ゲ−ムの哲学

 

「Game is over!」(ゲ−ムは終わった)とブッシュ大統領がしゃべっていた。

コンピュ−タ−・ゲ−ムの画面によく出てくる言葉である。この2月11日には「ポリテイカル・ゲ−ム」にはもうあきあきしたと「戦争」へのおすみつきを出さない国連の安保理へ向けて言っていた。

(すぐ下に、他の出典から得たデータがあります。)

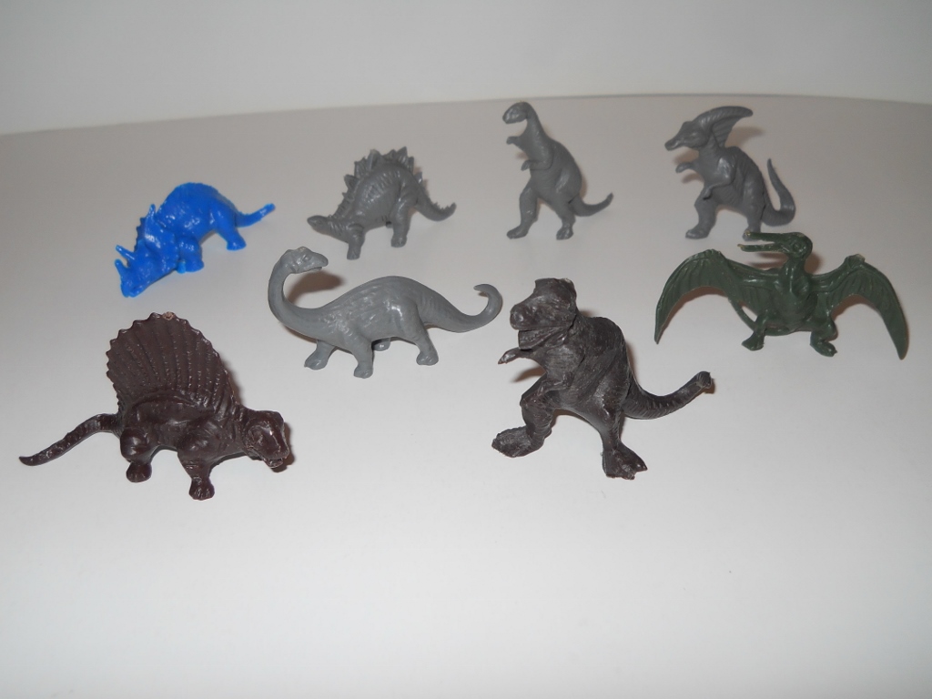 In the 1960's, dinosaurs were of just as much interest to kids as they are today. A series of dinosaurs based on the "Ajax" toy company molds were given away in Canadian cereal boxes and the photo below illustrates the eight different versions then available. These cereal premium figures came in four assorted colors (dark chocolate brown, gray, dark green and tan) as displayed in the photo below (however, the Triceratops figure shown in bright blue is a much more recent recast and is not an original figure). When I was young, I had the Tyrannosaurus Rex (in gray), the Brontosaurus (in brown), and several of the Pterodactyls in both gray and brown.
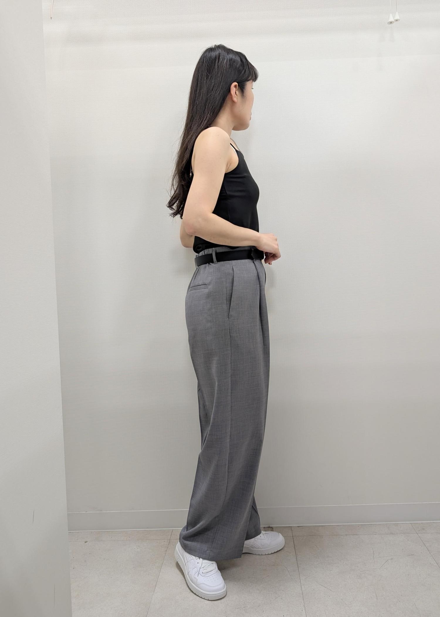 ROPÉ PICNICカナパ ベルト付きワイドパンツ/セットアップ対応・UV・抗菌防臭・接触冷感グレー / L¥5,995レビューウエストはタック入りでお腹周りをカバーしてくれます。
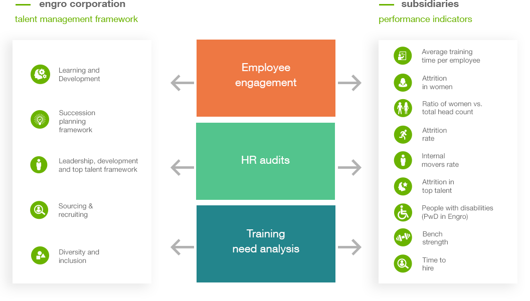 Our hallmark of continued sustenance and success is mapped through continuous value addition to our most important asset, our employees, “Our People”. At Engro, there exists an unceasing commitment to follow the guidelines of our ‘Talent Management Strategy 2014’. A strategy that defines our direction towards developing and propagating an enabling organizational culture that improves diversity and inclusion, employee engagement, our leadership pipeline, inculcates loyalty and instils a sense of pride within our employees.

この言葉を聞いたとき、前々から考えていた「ゲ−ムの哲学」について書いておこうと思った。

 

小さいときから家には「将棋」があった。祖父が手作りしたのだとがいっていた駒があった。ちゃんと字を彫ってそこに字を埋め込んで、磨いたものであった。江戸後期の伝統か、暇がよくあったな、手先が器用だったな、と印象をもった以外、その由来については深く詮索しないまま、父が亡くなったあとわが家に残った。両親が弘前に滞在していたとき持参したままになったのだとの記憶である。将棋盤もあまり立派なものではなかったが、黄色い布が上にありその上に桐の覆のついたものであった。あったと過去形で書くのは今はわが家にはないという意味である。先日正月に三男らが車で弘前に来たとき、丁度よい機会だからと手放した。

上の二人のあと十も年が離れて三男が生まれたあと、久しぶりに「将棋」を取り出して教えた記憶がある。

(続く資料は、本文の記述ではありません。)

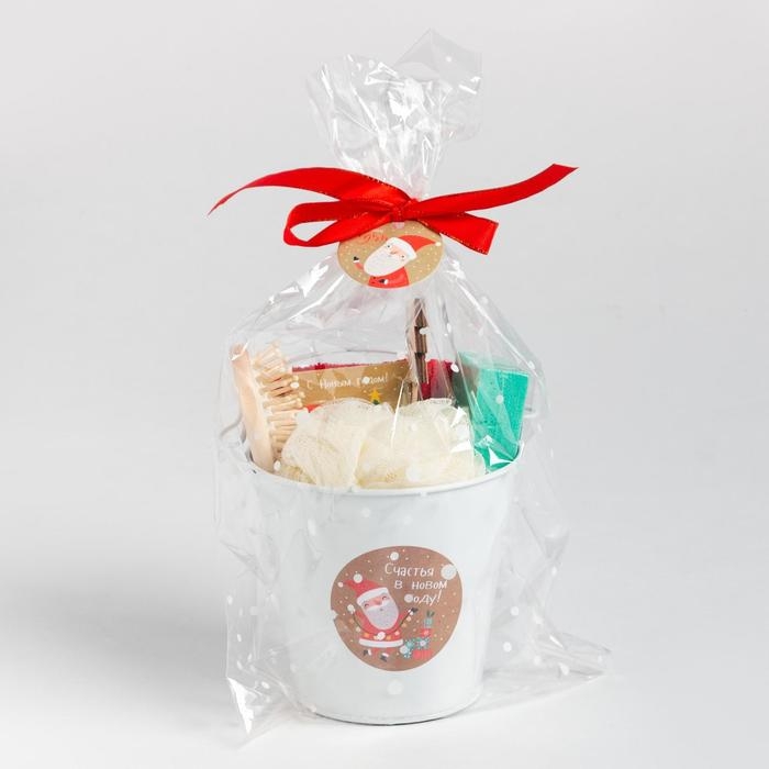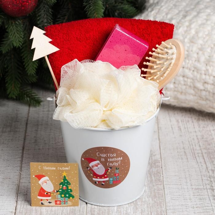 В состав набора входит: Ведёрко, Декор, Мочалка, Открытка, Пемза, Полотенце, Расчёска.
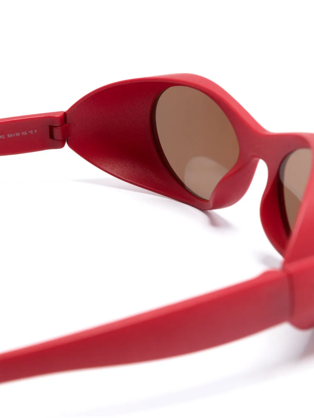 Ярко-красный, ацетат, зернистая текстура, овальная оправа, зеркальные линзы, линзы с защитой от ультрафиолета, логотип на дужке, скульптурные дужки и прямые наконечники дужек. В комплект входит защитный чехол для очков.
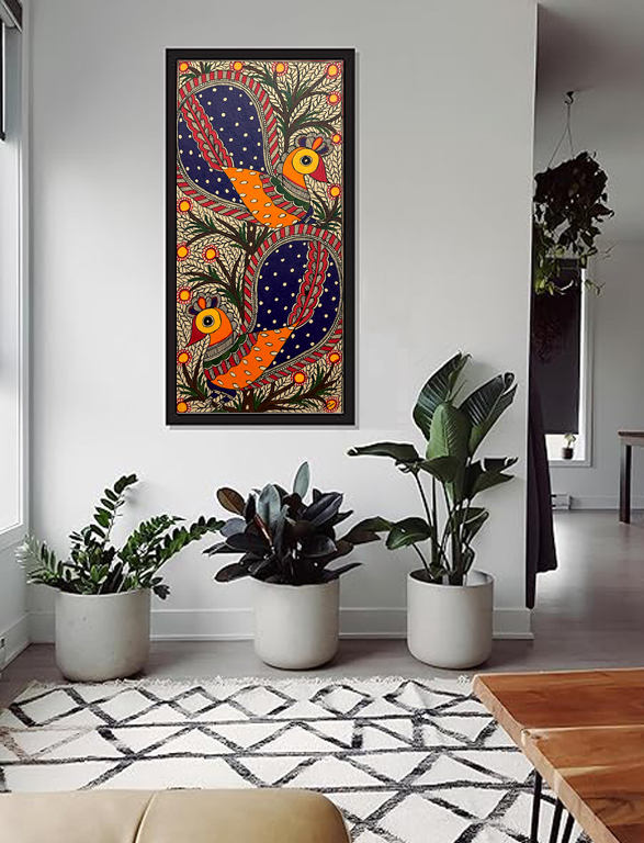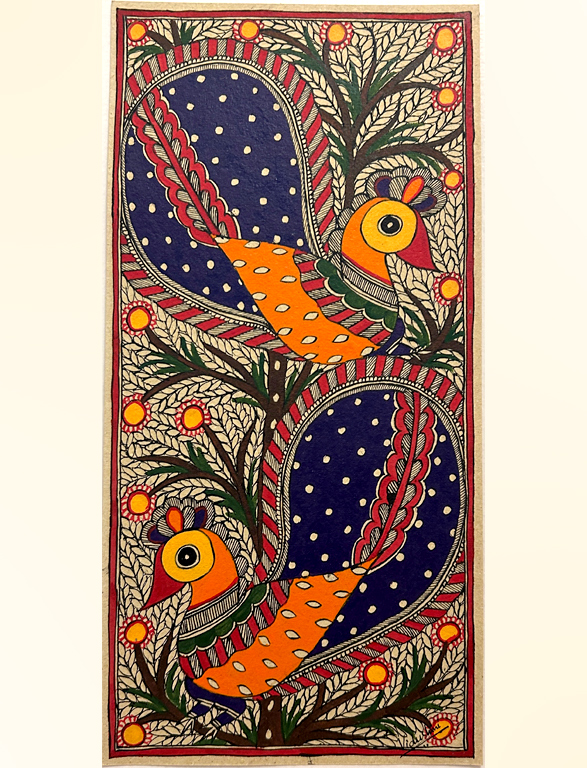 This exquisite Madhubani painting features two majestic peacocks positioned on either side of a tree of life with blooming pink flowers. The richly detailed background with countless fine leaves creates a perfect setting for these auspicious birds, symbolizing beauty and immortality.

高齢期出産でおまけに難産で産声がでるまで一時時間が流れたと聞いていたので、その後遺症がいつまであるのか、自分の研究とひっかけていつも気になり今も頭の中にあるのだが、一人っ子のように、元気に育ってくれて現在がある。

私は小さいとき名人戦の棋譜を熱心に読んで勉強し少しは駒の動かし方に自信があったが、子供と将棋をやったとき、私は決して「負けて」やらなかった。そばでみていた家内からは色々と批判はされたがその方が子供の為になると考えた。

 

私が育った家には「将棋」のほかに色々のゲ−ムがあった。

「マ−ジャン」は小学生のとき象牙で竹のパイが入ってきた。両親と兄と私とでの「家庭マ−ジャン」のこと、「176歳のマ−ジャン」のこと、「賭はやらないという家訓」のことなど前に書いたが、そのパイは今はの家にあるはずである。

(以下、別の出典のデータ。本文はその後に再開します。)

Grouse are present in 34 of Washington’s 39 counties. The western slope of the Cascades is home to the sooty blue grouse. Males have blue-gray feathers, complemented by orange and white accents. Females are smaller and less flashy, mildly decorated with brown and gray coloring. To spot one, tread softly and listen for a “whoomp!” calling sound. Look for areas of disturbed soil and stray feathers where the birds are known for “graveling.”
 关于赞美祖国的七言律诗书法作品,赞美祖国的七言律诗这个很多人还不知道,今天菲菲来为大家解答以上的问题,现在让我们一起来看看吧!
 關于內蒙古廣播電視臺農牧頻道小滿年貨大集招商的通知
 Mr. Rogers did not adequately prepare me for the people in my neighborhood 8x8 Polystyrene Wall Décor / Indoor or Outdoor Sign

「花札」もあった。つんである最後の札のことを「なめる」とかいっていた。「チェス」はやったことはないが、「トランプ」もよくやった。海軍のときはトランプだけは許されていた。戦後処理の引揚援護局の検疫官として紀州田辺に勤務していたとき、引揚船が入る前2か月あまり、朝から晩まで医官4人で士官室よろしく「ブリッジ」をやったことを思い出す。

 

ところで標題の「ゲ−ムの哲学」のことであるが、それぞれの「ゲ−ム」にそのよってきたる思想があるのではないかということである。その発達の歴史をたどることも面白いことだと考えるのである。こんなテ−マは一生追いかけてもつきない話題だと思いながら、私の経験した「将棋」にふれてみるだけである。

「将棋」には、「王」と「玉」があり、「王」の方が「玉」より上だと聞いたことがあるが、あとはそれぞれの駒にそれぞれの働きのきまりがあり、相手の陣地に入るとその働きに変化の可能性が与えられているというきまりになっており、王以外の駒は相手に取られれば相手の駒になるというというのが、「将棋」の最大の特徴ではないかと考える。

「ヘボ将棋 王より飛車を かわいがり」とあったが、結局は相手の王を詰めるだけである。王だけが勝敗をきめる。古代中国の政治体制との関連が考えられる。現代の世界の政治体制が国によってことなり、世の独裁体制と云われている国はそのトップが変わればその下の兵隊はどうなるのかと考えることがある。

 

「碁」は家になかったので分からない。中学生のとき弓の道場で他人がやっているのをみていただけである。そのとき碁石でできるゲ−ムを自分なりに考案した思い出だけ付けたりに書いておこう。

碁盤の目の三列だけを使って遊ぶゲ−ムである。

その三列にお互いに自分の側に1/2/3と一つづつずらして並べ、ル−ルはその石をその列だけで前後に動かすことができるが、但し相手を押しのけることはできないというル−ルだけである。結果は押されて押されて自分の側に押し込まれたら負けという単純なル−ルである。

やってご覧なさい。

いつか家にきたお嫁さんとやったら、どうしても自分が勝てないので、もうやらないと、引き下がった。意地が悪いと側から云われた。